The third group of actions is skilled and initially learned with conscious effort. Usually, this means lots of conscious repetitions. These actions move gradually from conscious to unconscious. The harder these actions get, the more conscious effort you need. Finally, this group of actions becomes automated. After the automatization of the action, conscious actions can fail. For example, if you had watched sports, you might have encountered professional athletes failing in easy situations where they had too much time to perform an easy action. Conscious actions are not as effective in those situations than unconscious actions.

The fourth group of actions is normally unconscious. These actions change into consciousness by getting some feedback about their effects. This feedback is usually biological and aims for controlling bodily functions. For example, you can have a sports clock that measures your heartbeats and you can consciously aim for getting your heartbeat higher or lower depending on your needs. You might acknowledge the changes in your bodily functions, but details of how you do it remains unconscious.

The fifth group consists of actions that are always unconscious and mostly spinal reflexes. You cannot intentionally grow your hair or change your blood sugar level. The latter happens at least when you are not consciously eating or you are sleeping. These actions are unconscious. And some survival reflexes are unconscious, too. For example, avoiding a surprising flying object that comes toward you. These actions keep you alive. Therefore, they are necessary. Without these spinal reflexes, mankind wouldn´t exist.

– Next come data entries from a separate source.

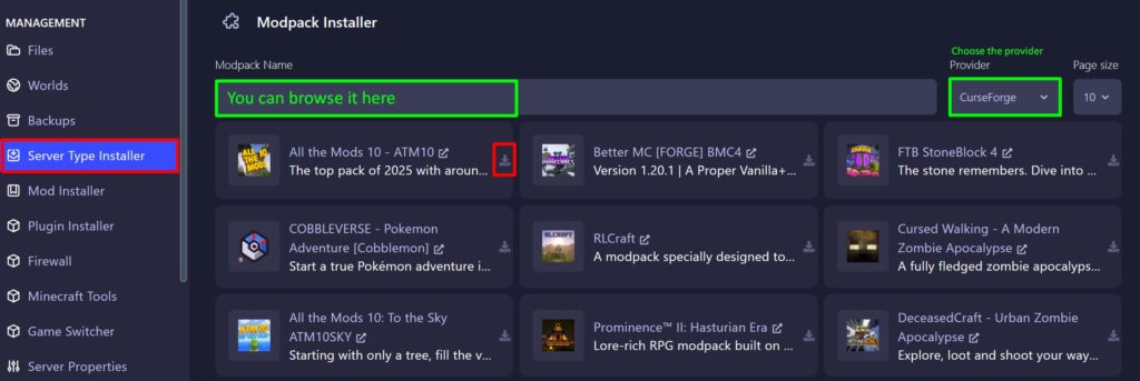 You can browse and select the provider (CurseForge/Modrinth/FTB)
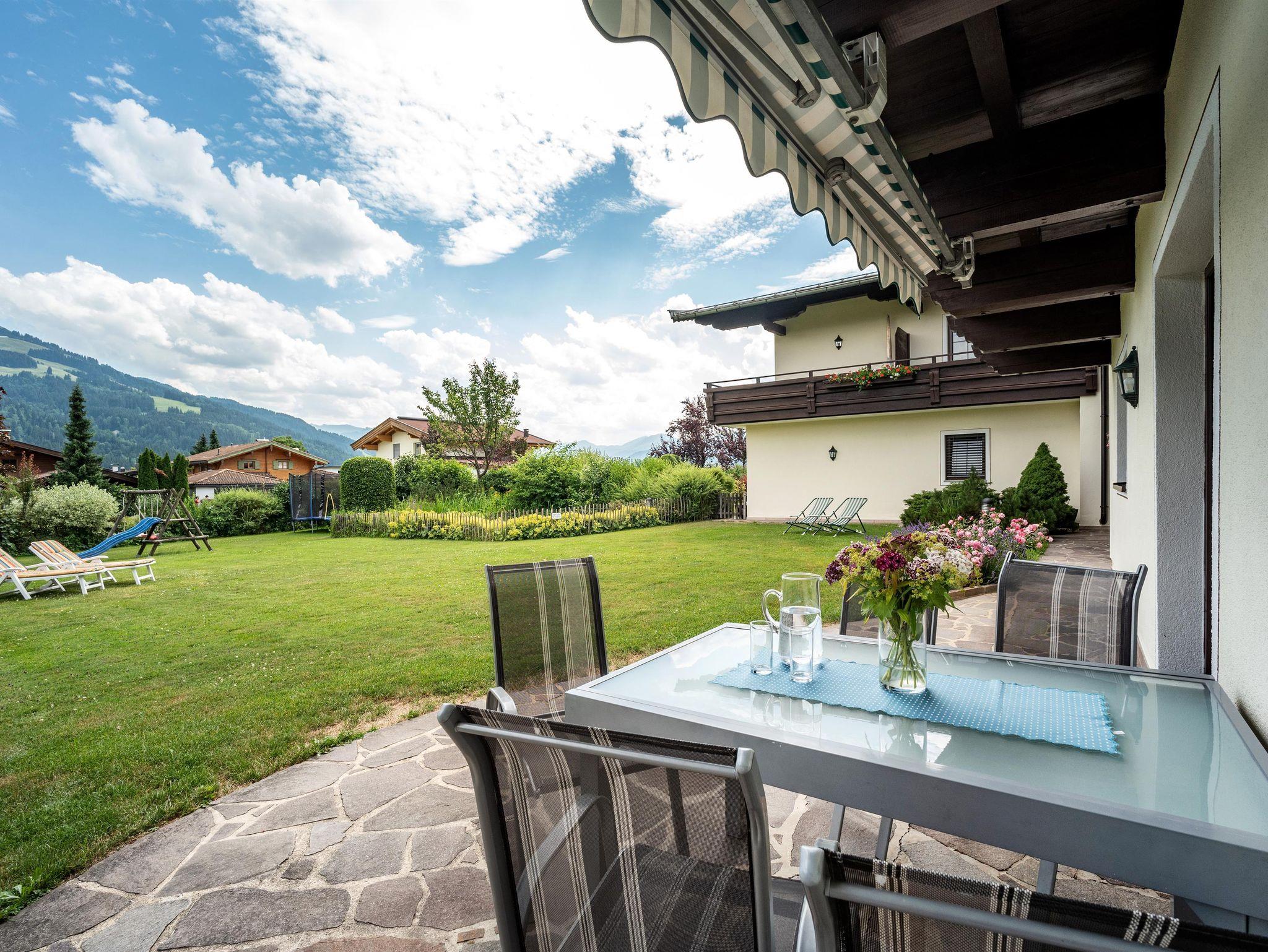 Highlight: Sonnige, ruhige Terrasse mit Blick auf das Kitzbüheler Horn – perfekt zum Krafttanken. WLAN und 1 überdachter Parkplatz inklusive.
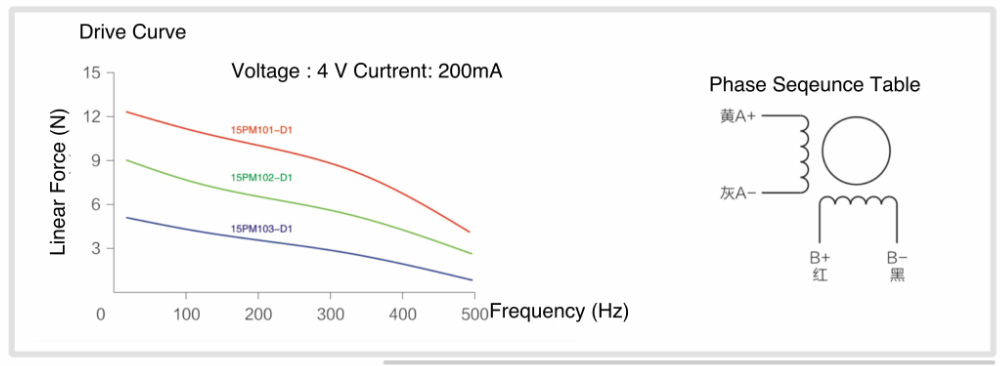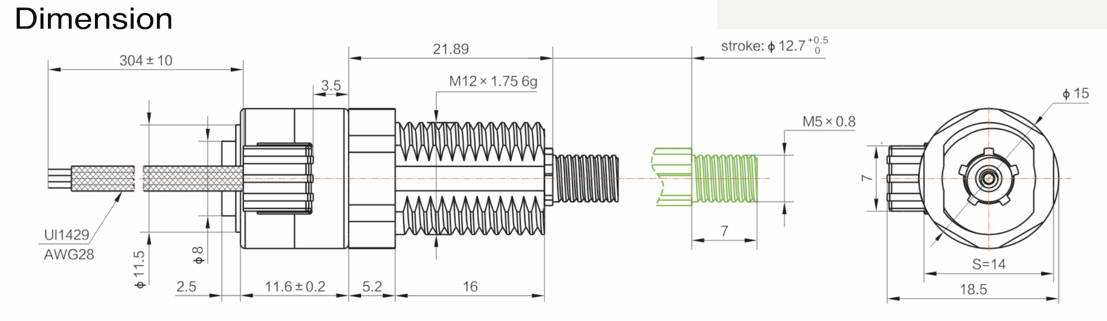 Type ohne Encoder | Durchmesser mm | Auflösung / Schritt mm | Hub mm | Linear Kraft N | Strom A | Widerstand Ohm | Schrittwinkel ° |
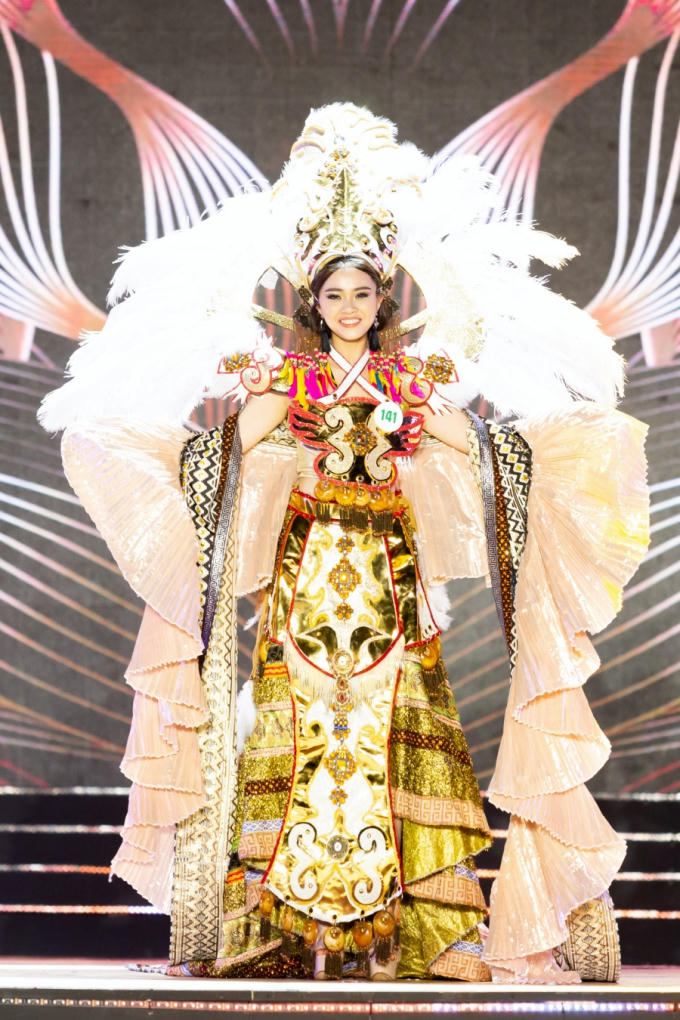 Thí sinh Bùi Bích Diệp khoác lên mình trang phục với sự kết hợp giữa áo dài và áo Nhật Bình cùng với nét văn hóa “Múa bóng rỗi”. Chiếc mâm tháp vàng thể hiện sự trân trọng, lòng tôn kính dâng lên thần linh. Đặc biệt chân váy được thiết kế theo cờ lục sắc, bày tỏ sự ủng hộ đối với cộng đồng LGBT.

Some actions are performed better with your unconscious mind and some of them are performed better when you put conscious effort. Speed is one variable that separates the need for the unconscious mind and the use of consciousness. As you have noticed, most skilled actions do not require consciousness. When you look at the experts performing their skilled actions, they seem effortless. This is the result of thousands of repetitions done with conscious thought. Expertise is not the most usual way of performing unconscious actions. Habits are the most usual unconscious actions. The quality of your habits is the most useful indicator to see if you will be successful. What this means is that the outcomes of your good habits must be better than the outcomes of your bad habits.

You cannot only perform unconscious actions in life. Big decisions with lots of variables require conscious thought. They require more time. Therefore, if you have no time, you have to rely on your unconscious mind. It is more prone to errors. Separating the unconscious and conscious mind and decisions is not a perfect model. Without the unconscious mind, you wouldn´t make any decisions. You would think about irrelevant things for hours without making any conclusions without it. Therefore, both are very much needed in every decision.